Coachella is never without news or surprises. However, one particular moment is drawing eyes other than the great No Doubt reunion, Blur’s perplexed reaction to the crowd, and Lauryn Hill’s appearance during her son YG Marley’s set. Nope, the topic of discussion is centered around Grimes and the number of “technical mishaps” surrounding her DJ set. She repeatedly apologized to the packed Sahara tent crowd, rage screamed at points, and apologized after her set. Mistakes happen, and I’ve been to several DJ sets where things messed up, and they had to think on the fly. It’s just the name of the game. Not everything is going to be perfect. The difference in this situation is that there was a total reliance on  “outsourcing” the process of Rekordbox BPMs and letting somebody else set up the tracklist. This clashed with Grimes’s inability to match up the tempos. That could have been avoided if she listened to her set beforehand.

It speaks to a more significant issue regarding the relationship between technology and the overreliance on the methods of the artistic process. For example, Pro Tools eased the complications of music production and once was the standard in mixing. It made removing some rough inefficiencies in compositions easier, making them sound better. This issue resides when you rely on something like Pro Tools so much that it takes the natural flow of creation out of the musical process. If the vocalization in the Pro Tools-aided song is artificial, it will show in the live performance (if you choose not to lip-sync to a backing track. You’re prerogative, of course). With DJing, you have to be in tune with the crowd’s vibe, identify the type of crowd and what music/tempo is getting the best reaction, and act accordingly. The auto-sync button is there for “in case of emergency” purposes, and there’s no substitute for doing the work. Sure, you can learn how to program how a violin sounds within a computer, but the more rewarding way is learning the instrument. 

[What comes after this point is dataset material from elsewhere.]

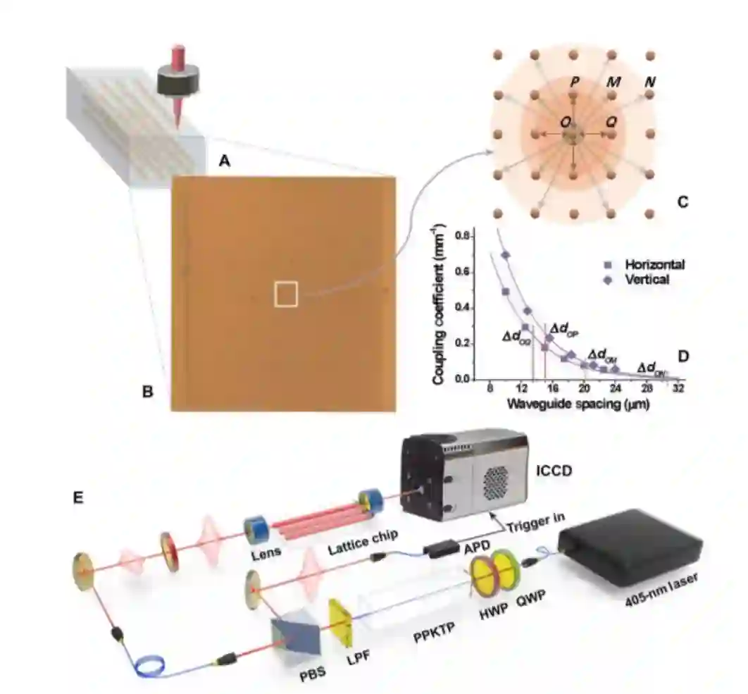 图二 | 实验装置示意图 (a) 飞秒激光直写技术制备的三维波导阵列。(b) 实验上所用到的光子晶格横截面。(c) 一个波导耦合另一个波导示意图。(d) 垂直和平行方向,两个波导耦合系数随着距离变化的变化趋势。(e)单光子实验装置。APD:雪崩光二极管。PBS:极化分束器。HWP:半波片。QWP:1/4波片。LPF:低通滤波器。PPKTP:周期极化KTP晶体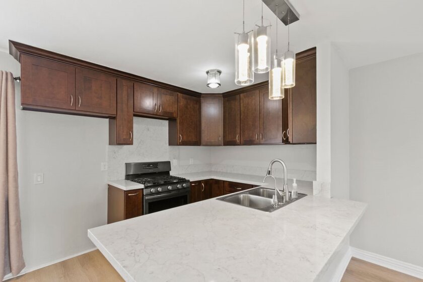 Welcome to The Redwoods, a vibrant resort-inspired community on the Tustin border, where modern comfort and natural tranquility unite. This fully upgraded end-unit condo offers rare privacy with no one above or below you, and an expansive private patio perfect for BBQs, gardening, or simply soaking in the California sunshine. Step inside to discover an open-concept layout bathed in natural light, enhanced by fresh designer paint and luxury vinyl plank flooring throughout. The custom kitchen is a showstopper—featuring sleek quartz countertops, a full quartz backsplash, stainless-steel gas range, and modern cabinetry that makes cooking and entertaining a joy. The spacious living and dining areas flow effortlessly, creating an inviting environment to relax or host. The tranquil bedroom retreat includes a walk-in closet, while the updated bathroom shines with a new vanity and contemporary finishes. Additional upgrades include a new central heating and air system, ensuring comfort year-round. Outside your door, The Redwoods community offers lush landscaping with peaceful streams and ponds, multiple pools and spas, a clubhouse with gym, and on-site management for worry-free living. HOA dues include water, gas, trash, and sewer—leaving only electricity for you to manage. With easy freeway access (5, 22 & 55), and zoned for the highly rated Tustin Unified School District, this home delivers the perfect balance of comfort, style, and convenience—ready for you to move in and enjoy resort-style living every day.

Within the tech world, there’s a push for integrating AI apps and components into the creative process because there’s this thought that it’s all algorithmic— that creativity is something that can be punched into a prompt and spit back out like a Pepsi machine. In reality, it’s the 10,000 hours that make a group like Justice so good at re-creating their sets from their songs that you heard before in a new way. It’s the itching to jump the line because you feel entitled to it — but all you’re entitled to is the results of the work put in. Grimes should know this because she’s an artist who has put out five albums. They take immense time and energy, like DJs who have to think about what a Bonaroo crowd will like as opposed to a smaller party in Ibiza. It’s just respect for your audience; how you enthrall yourself is a thank you to them. I don’t particularly enjoy people bombing, and I hope Grimes is true to her word when she says that everything will be better for weekend two. More so, this is a cautionary tale that technology is best used as a helper, not a shortcut.